Rare cause of painless lower gastrointestinal bleeding: A case report

Khalid Alyahyawi 1
PMCID: PMC8278421  PMID: 34252643

Abstract

Introduction and importance

Endometriosis is a complex disease in which an abnormal uterine lining-like estrogen-dependent cells settle outside the uterine cavity. Gastrointestinal tract is the commonly affected region in extragenital endometriosis.

Case presentation

A 44-year-old female patient suffering from intermittent hematochezia for the past three months was presented with no medical history or any other symptoms correlating with current complaints. Clinical examination showed the patient in good condition with soft abdomen without evidence of tenderness or palpable mass or any sign of haemorrhoids or fissures. Initial abdominal sonography revealed a 20 × 25 mm hypoechoic change in caecal region. Colonoscopic biopsies and histopathological examination revealed only colon mucosa with mucosal oedema and an unspecific inflammatory reactive regenerative polypoid with no evidence of tumor tissue adenoma. Intermittent hematochezia of the patient got worse in the following months without any other concurrent symptom. Laparoscopically assisted ileocecal resection with a sutured side-to-side ileoascendostomy was then performed. The patient was kept on enhanced recovery program and was discharged on the fourth post-operative day with analgesics.

Clinical discussion

Patients who present with diagnostic challenges or fails to respond to initial treatments for alternative gastrointestinal diagnoses (e.g., IBS), should be analyzed for endometriosis especially in patients with a history or risk factors including nulliparity, early menarche, haematocolpos, retrograde menstruation or even positive family history.

Conclusion

Endometriosis must be considered as a gastrointestinal pathology as much as gynecological one, and the gastrointestinal surgeons and physicians should be aware of its symptoms or presentation.

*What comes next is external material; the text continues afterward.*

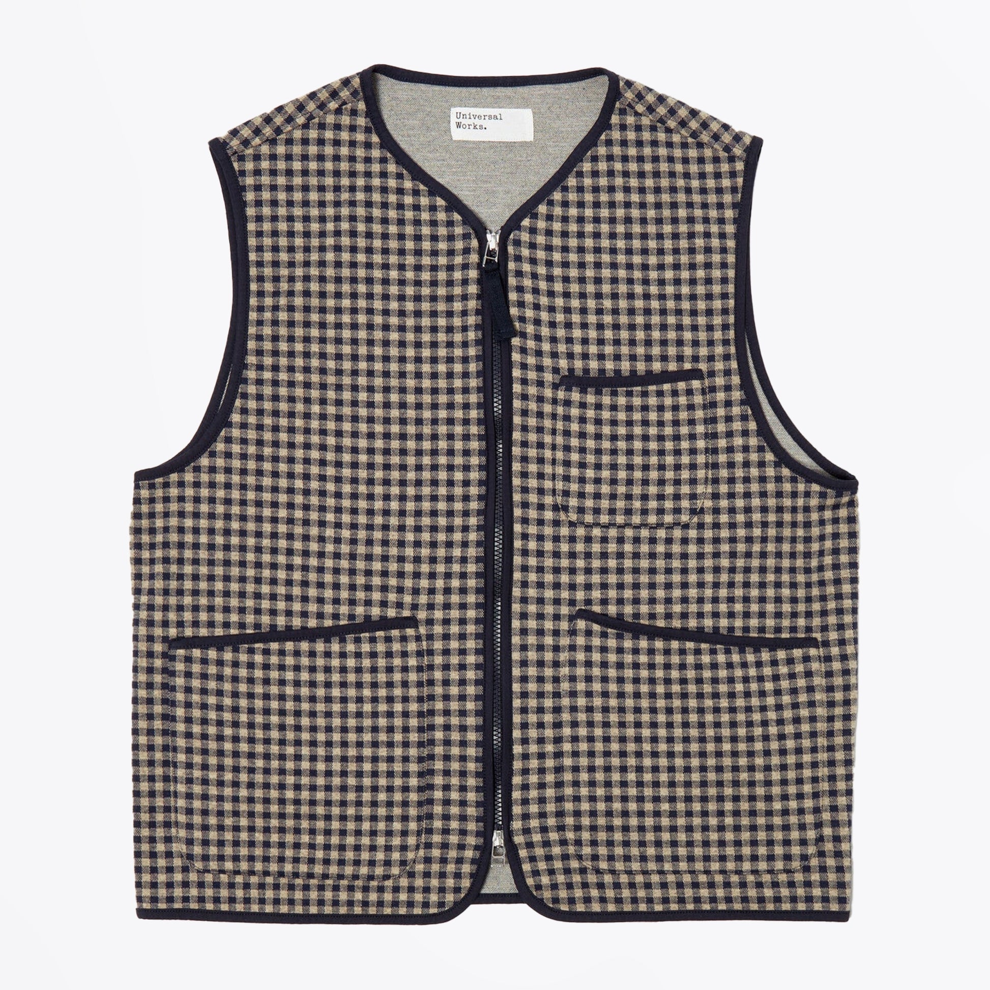 This British designer is a brand shaped by a deep appreciation of the musical and sporting subcultures that underpin the everyday life of British men. Universal Works takes its cultural and contextual heritage and layers it under a nuanced understanding of contemporary menswear needs. Adding a lightweight option to your summer outfits, this checked gilet is crafted in a soft knitted material, with a 3-pocket front, a zip fastening, and a blue bias-bound edge. Wear this gilet over a plain tee and some designer trainers.

Keywords: Endometriosis, Intermittent hematochezia, Laparoscopically, Ileocecal resection, Case report

Highlights

  • A case with painless recurrent lower gastrointestinal bleeding with no diagnosis even after repeated colonoscopy.

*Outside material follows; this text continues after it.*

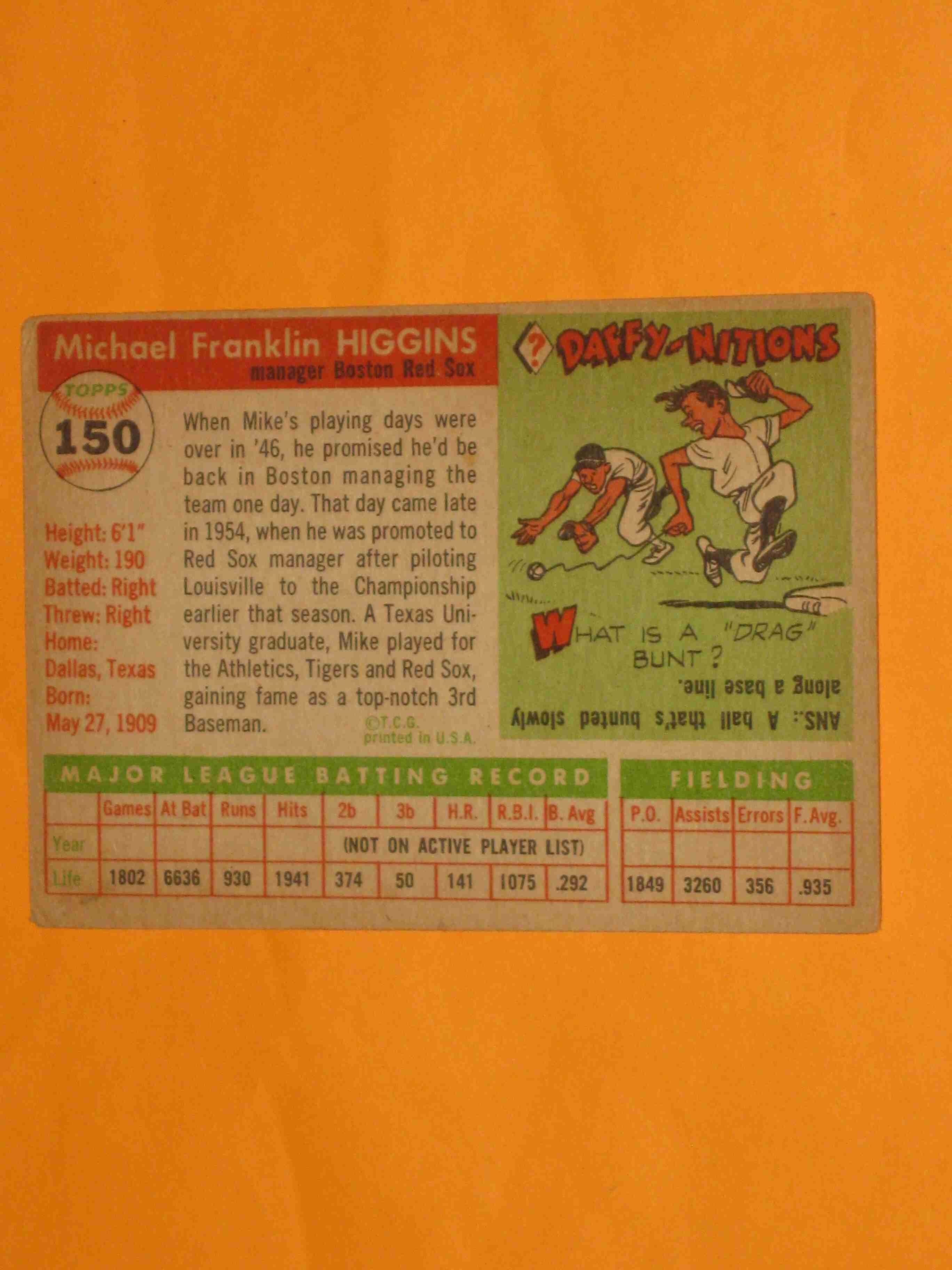 1955 Topps Mike Higgins #150 Boston Red Sox

  • Endometriosis must be considered in patients with diagnostic challenge and did not respond to other abdominal diagnoses.

  • Patient with history of nulliparity, early menarche, haematocolpos, retrograde menstruation must be examined particularly.

1. Introduction

Endometriosis is a complex disease in which an abnormal uterine lining-like estrogen-dependent cells settle outside the uterine cavity (cavum uteri) [1]. The gastrointestinal tract is the most affected region in extragenital endometriosis. It occurs in approximately 37% of the patients with endometriosis [2]. The occurrence of deep wall-invading endometriosis is around 1–2% [3]. Pain remains the main symptom of endometriosis [4]. Other symptoms such as dyspareunia and bleeding may arise during menstruation mostly. However, in endometriosis the cyclic pain is not pathognomonic and occurs with irritable bowel syndrome and inflammatory bowel disease, which may get worse during menstruation [5]. Endoscopically obtained biopsies usually do not reveal enough tissue for a clear pathological diagnosis [6]. In the present report, we discussed an unusual case in which a deep penetrating endometriosis in the right colon manifested itself mainly in form of a lower gastrointestinal bleeding without other concomitant symptoms. This case report has been reported in line with the SCARE Criteria [7].

2. Presentation of case

A 44-year-old female patient without any significant previous illnesses, has been suffering from intermittent hematochezia for the past three months. In her medical history there were no other symptoms that correlate with the current complaints. There was no recent weight loss or change in the bowel habit of the patient. She has two kids through normal vaginal delivery. She did not undergo any previous operations. The clinical examination showed the patient in good general condition with a soft abdomen without evidence of tenderness or palpable mass. The digital rectal examination did not reveal any sign of haemorrhoids or fissures. The laboratory chemical examination did not show any abnormal results with hemoglobin 14.5 g/dl.

The initial abdominal sonography revealed a 20 × 25 mm hypoechoic change in the caecal region with no signs of liver, pancreas, kidney mass or free fluids. The gastroenterologist requested a colonoscopy to find the cause and exclude colon neoplasm. A plum-sized mucous membrane distortion at the cecal pole was discovered which did not resemble a malignant tumor. There were no signs of polyps or bleeding lesions until the terminal ileum. The colonoscopic biopsies were taken and histopathological examination revealed only a colon mucosa with mucosal oedema and an unspecific inflammatory reactive regenerative polypoid with no evidence of tumor tissue or evidence of an adenoma. With until then unclear situation and to exclude a concurrent tumor pelvic MRI test was carried out. This also showed no evidence of an extraluminal mass or pathologically enlarged lymph nodes. A small cyst in the area of uterine neck was described as a secondary finding. The patient was advised about her current situation, and she was discharged with scheduled follow up visits.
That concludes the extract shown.